Mr Dixit has the hierarchical level of minister of state, which is equal to the deputy secretary of state, although former foreign ministers Jaswant Singh and Yashwant Sinha have played host to Mr Armitage.
Even as meetings with Prime Minister Manmohan Singh and Foreign Minister Kunwar Natwar Singh have been lined up, the message is nevertheless clear. Being politely described as a break from tradition, the strict application of protocol for the powerful American trouble shooter is being interpreted in various ways, with one of them happening to involve Pakistan.
According to a dispatch from New York, the Kolkata-based Telegraph newspaper says Mr Armitage would be getting New Delhi to put its cards on the table about its vision for the US-India relations.
Prime Minister Singh last week reiterated India's resolve against sending troops to Iraq. Washington wants this to change with the assumption of a new "sovereign" Iraqi government in Baghdad.
"In a message pregnant with implications for the United Progressive Alliance government's Iraq policy", The Telegraph said. It said the Bush administration has virtually scuttled at the eleventh hour the appointment of former foreign secretary Salman Haidar to the high-profile job of UN representative in Iraq.
Washington, according to the report, is pressing UN secretary- general Kofi Annan to choose Ashraf Jehangir Qazi, Pakistan's ambassador to the US, instead of Haidar for the sensitive assignment of leading the world body back into Baghdad.
The new government is also keen to exploit the embarrassing silence of the Vajpayee administration over the humiliation of former defence minister George Fernandes, who was strip-searched at the Dulles airport when he was on an official visit to Washington.
One newspaper quoted an unidentified official source as expressing his outrage over the manner in which Jaswant Singh would fly off to meet the then Deputy Secretary of State Strobe Talbott, his junior in protocol terms, "whenever Talbott phoned or sent a fax from Rome or Tokyo", which was "demeaning".

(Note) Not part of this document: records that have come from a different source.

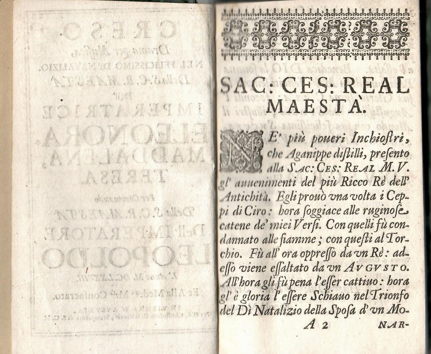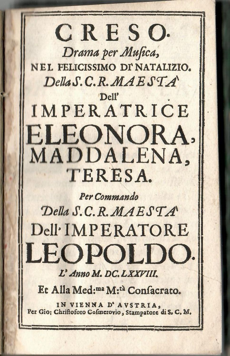 CRESO. Drama per Musica, NEL FELICISSIMO DI´NATALIZIO. Della S.C.R. MAESTA Dell´ IMPERATRICE ELEONORA, MADDALENA, TERESA. Per Commando Della S.C.R. MAESTA Dell´ IMPERATORE LEOPOLDO.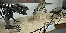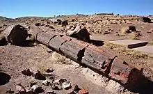 Much of the park's petrified wood is from Araucarioxylon arizonicum, an extinct conifer tree, while some found in the northern part of the park is from Woodworthia arizonica and Schilderia adamanica trees. At least nine species of fossil trees from the park have been identified; all are extinct. The park has many other kinds of fossils besides trees. The Chinle, considered to be one of the richest Late Triassic fossil-plant deposits in the world, contains more than 200 fossil plant taxa. Plant groups represented in the park include lycophytes, ferns, cycads, conifers, ginkgoes, as well as unclassified forms.[22] The park has also produced one of the most diverse assemblages of fossil vertebrates from the Late Triassic. Among the groups represented are early theropod dinosaurs,[24][25] crocodile-line archosaurs,[26][27][28][29][30][31] temnospondyl amphibians,[32][33][34] lissamphibians,[35][36] non-archosauromorph diapsids,[37][38] and other dinosauromorphs[39][40] and archosauromorphs.[41][42] Dicynodonts are extremely rare despite being abundantly represented at the Placerias Quarry near St. Johns.[24][43] Fossil invertebrates include freshwater snails and clams.[44] The oldest fossil crayfish, Enoploclytia porteri, was also described from the park,[45] although it is not considered a crayfish proper (instead placed in Erymidae).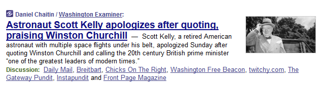 The Scott Kelly story, which is an insignificant “something silly happened on Twitter” controversy, is in various right-leaning news outlets in both the US and UK and linked by a handful of blogs. All of them from the right.
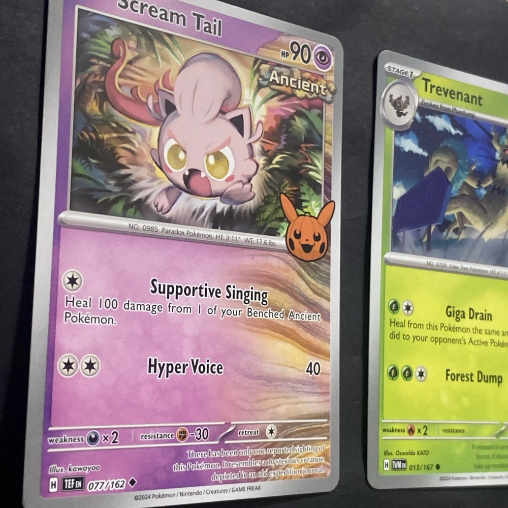 Dive into the world of Pokémon TCG with this exclusive lot of 2024 Trick Or Trade cards, featuring the enigmatic Scream Tail Trevenant and the fiery Fuecoco. Each card is a piece of the captivating Trick Or Treat set, designed to delight both collectors and players alike. The set includes cards numbered 89, 24, 25, and 90, each showcasing the unique abilities and artwork that make the Pokémon series so engaging. Crafted by Millennium Print Group, these cards come in standard size and feature a regular and holo finish, adding a touch of shine to your collection. The lot includes English-language cards, manufactured in the United States, ensuring a quality addition to your Pokémon TCG arsenal. Suitable for ages 4 and up, these cards are a fantastic way to start or enrich any existing collection.

On the charitable side, the fact that Armitage is being hosted by Dixit suggests the Indian foreign ministry is not letting protocol come in the way of diplomacy. Strictly speaking, the visiting US deputy secretary of state's counterpart is either E. Ahmed or Rao Inderjit Singh, both ministers of state in the Ministry of External Affairs, The Times of India said.
The upright positions of the new Congress-led government on Iraq since assuming power have exasperated Washington, where officials make no secret of their displeasure over Foreign Minister Natwar Singh's firm refusal to endorse the Vajpayee government's position that India and the US are "natural allies".
Mr Singh said in Washington last month that "I don't think one should go as far as that", and warned against becoming "prisoners of cliches". The Telegraph said that the United States was expected to use both carrots and sticks.
One stick in the American quiver may be used against India any day and may come in the form of crippling anti-dumping duties on shrimp exported to the US. India supplies 12 per cent of shrimp imported into the US. India exported shrimp worth $400 million to the US in 2003.
An equally powerful stick that the US may wield is to go slow on high-technology trade with India, including the sale of dual civilian-military technology and goods, painstakingly worked out with the Vajpayee government. "If India accommodates the US, this stick may turn into a carrot and such sales may be speeded up," The Telegraph said.